→ **Directions for this task**:
Beginning with the line where "Home > Nike" appears, restate each line word for word until the data ends. Pictures do not go in.

→ **Source data**:
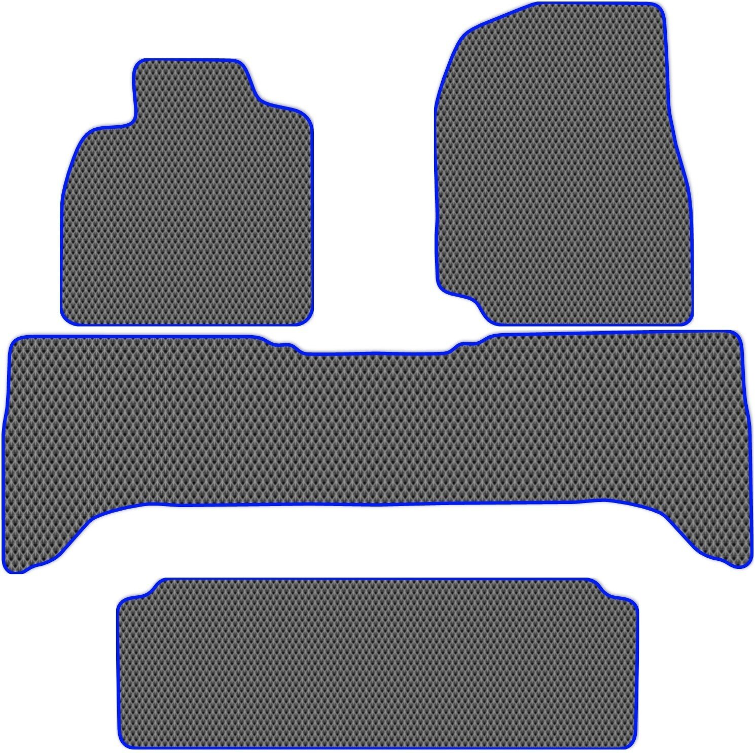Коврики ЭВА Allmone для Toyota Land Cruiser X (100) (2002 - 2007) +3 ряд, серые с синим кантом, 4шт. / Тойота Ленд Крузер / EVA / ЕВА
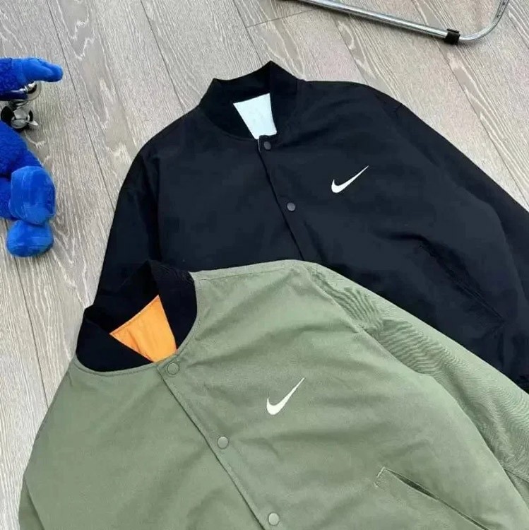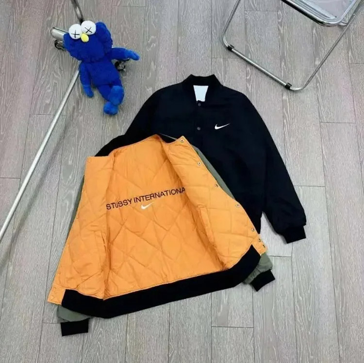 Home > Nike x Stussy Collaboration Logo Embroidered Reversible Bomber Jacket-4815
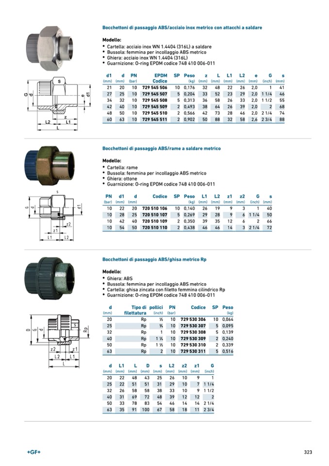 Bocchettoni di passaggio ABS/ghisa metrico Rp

→ **Exercise output**:
 Home > Nike x Stussy Collaboration Logo Embroidered Reversible Bomber Jacket-4815
 Bocchettoni di passaggio ABS/ghisa metrico Rp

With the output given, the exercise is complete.